So I was strolling through a city centre throng the other day when I noticed a girl with a face like a vengeful banshee. Whoa, I thought, don't point those demonic peepers on me, I'm just here to take it easy. That was about all the thought I gave her as she walked by me and I set off in the opposite direction.
Imagine my surprise when, eight hundred metres or so later, the exact same girl walks by me with a face like hell on a bad day. Identical. Different dress.
Wow, I say to myself, now these harpies come in packs. There's probably a coven somewhere.
Now I know, they're probably twins and whatever, but it got me thinking again about cloning. Cloning hasn't been fashionable subject matter for a little while, but I think it's time we take a look at where we're headed, now that the big impending neon-drenched hovercar sci-fi reality we've all seen in films seems closer than ever.
First off, whatever laws we say we're passing, whatever measures the various governments say are in place, cloning humans is happening. If there's evil sci-fi sh*t to be done, and potentially profit to be made, someone will be doing it somewhere, most likely in a disused medical facility in Korea or something. I think we should accept that it's going on, and that's scary enough as is.
The scarier thing is, what happens when we start to like it?
The Cloning market will be driven by consumer trends, just like everything else. Cloning humans will lead to cloning body parts. Crushed your leg? F*ck it, have another. Buy one, get one free. Smoked so much you can't breathe? Here, have a fresh pair of lungs. They're yours, after all. We grew them from your DNA. It's, like, natural. Almost.
It's vanity. Once we can make ourselves new bits out of our old bits, we'll want whatever we can get. Tune-ups for bodies. New supple tits, new mega-gargantuan-gasp-inducing c*cks, new shapely asses, or even, wait for it, completely new bodies. Yeah, we've all seen The Sixth Day, and if we ever get to a stage where we can download our consciousnesses into other vessels, the sky's the limit. Today, you'll say, I fancy being a seventeen-year-old eskimo girl. Tomorrow, an eight-foot Inca warrior. You might want to know what sex is like for an obese old man. You might want to be a kid and go back to school for a week and be the popular bad boy sports star you never were. I don't know what you'll want. You might want to be a pigeon for all I know.

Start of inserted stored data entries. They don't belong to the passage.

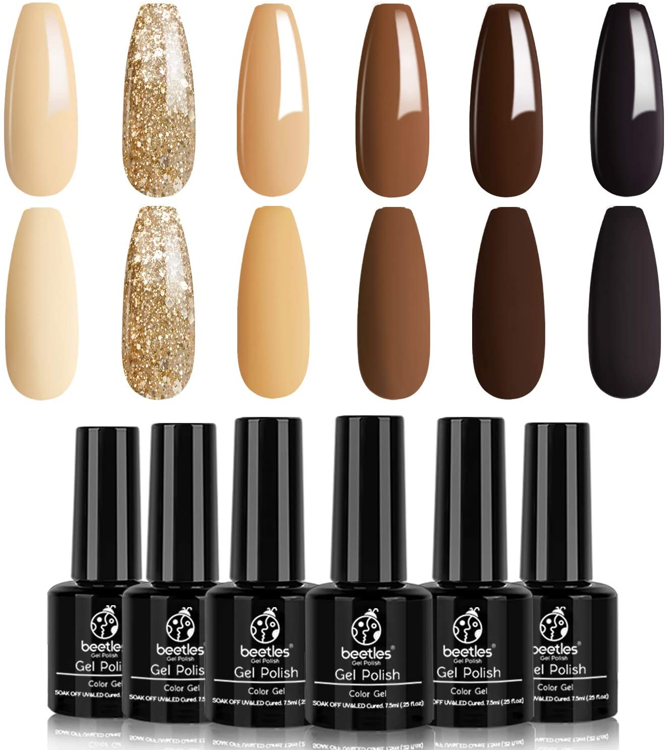 Beetles Winter Gel Nail Polish Set - Roasted Chestnuts Collection 6 Colours Autumn Chocolate Brown Gel Polish Kit Neutral Khaki Gold Glitter Yellow Beige Soak Off UV Gel Nail Art Gifts for Her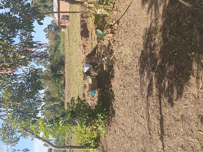 A rural landscape displays sparse vegetation and exposed dirt. A building rests in the background, nestled among trees. Foreground shadows partially obscure the terrain. A concrete structure with pipes sits prominently in the center, and miscellaneous items are scattered near it. Trees are visible on the left. The sky is light and clear.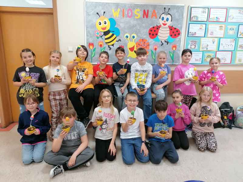 Dnia 10 kwietnia 2025 roku uczniowie klasy 3B uczestniczyli w świątecznych warsztatach, których fundatorem była Rada Rodziców. Dzieci przygotowywały dekoracje związane ze zbliżającymi się świętami. Pierwszym zadaniem do wykonania było pomalowanie farbami plakatowymi jajka styropianowego, aby stworzyć piękną, kolorową pisankę. Następnie dzici bawiły się w ogrodników i sadziły wiosenne roślinki cebulowe do specjalnejj doniczki.

The really frightening thing will be the inevitable day when human beings finally go digital. Someone will invent a way of mapping humans and turning us into infinitely manipulable human biological matter. Think about it: tweak anything and everything. A smaller chin, thicker hair, no more genital warts, absolutely no imperfections. The f*cking nanites will rewrite your DNA profile while-u-wait. And who won't want to be able to pimp their hide? You'll be gorgeous. You'll pay through the nose for a new nose that gets reshaped in seconds. If you don't like it, reset and start again. Like I said, you'll be gorgeous. Everyone who can afford it will be gorgeous. Eventually, like all technology, it'll get so cheap anyone can have it, even if they draw minimum wage.

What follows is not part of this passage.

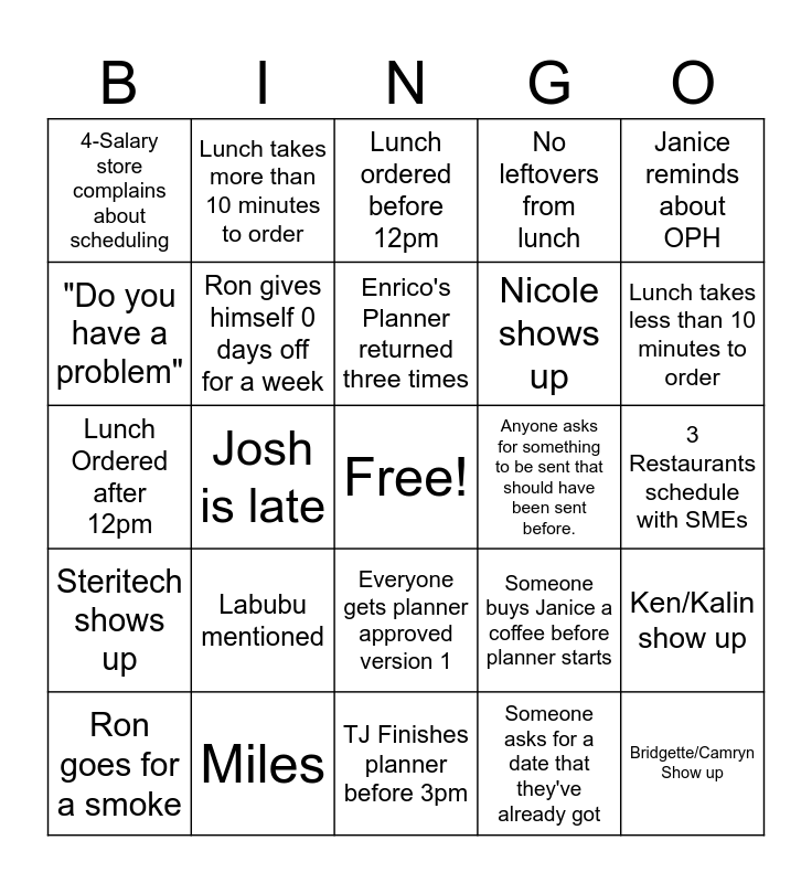 This bingo card has a free space and 24 words: Labubu mentioned, Miles, Enrico's Planner returned three times, Ron goes for a smoke, Janice reminds about OPH, 4-Salary store complains about scheduling, "Do you have a problem", Lunch takes more than 10 minutes to order, Anyone asks for something to be sent that should have been sent before., Everyone gets planner approved version 1, Nicole shows up, Lunch Ordered after 12pm, Someone buys Janice a coffee before planner starts, Ken/Kalin show up, Ron gives himself 0 days off for a week, Someone asks for a date that they've already got, 3 Restaurants schedule with SMEs, Lunch ordered before 12pm, Lunch takes less than 10 minutes to order, Josh is late, Bridgette/Camryn Show up, Steritech shows up, No leftovers from lunch and TJ Finishes planner before 3pm.

Ugliness will be abolished almost overnight. A whole new system for rating beauty will have to be invented, because everybody is so f*cking achingly beautiful you want to cry, until pretty soon you become completely desensitised to beauty and elegance and perfection and it becomes fashionable to wear some ugliness again. A stylish mole here, a wandering eye there, just a splash of cellulite, a hint of a double chin, a smidgeon of subtle acne scarring. People will want to stand out from the crowd. We'll revere supermodels with moustaches. Well admire movie stars with visible nose hair and pot bellies.
When the human race goes digital, youll be able to clone anyone you like the look of for your own purposes. Download them off a torrent or something. Like your girlfriend? Clone her. One for f*cking, one for earning. Secretly want to bone her mum, or dad? Clone 'em. Keep them in the shed out back with the soundproofing and the sex toys.
You can have a pack of six blondes for a weekend. Or a rugby team. The f*cking evil scientists, they'll come up with a way to make clones disposable, just like everything else. Those blondes can be used for a weekend and then they'll evaporate after four days. No mess, no fuss. Life is cheap.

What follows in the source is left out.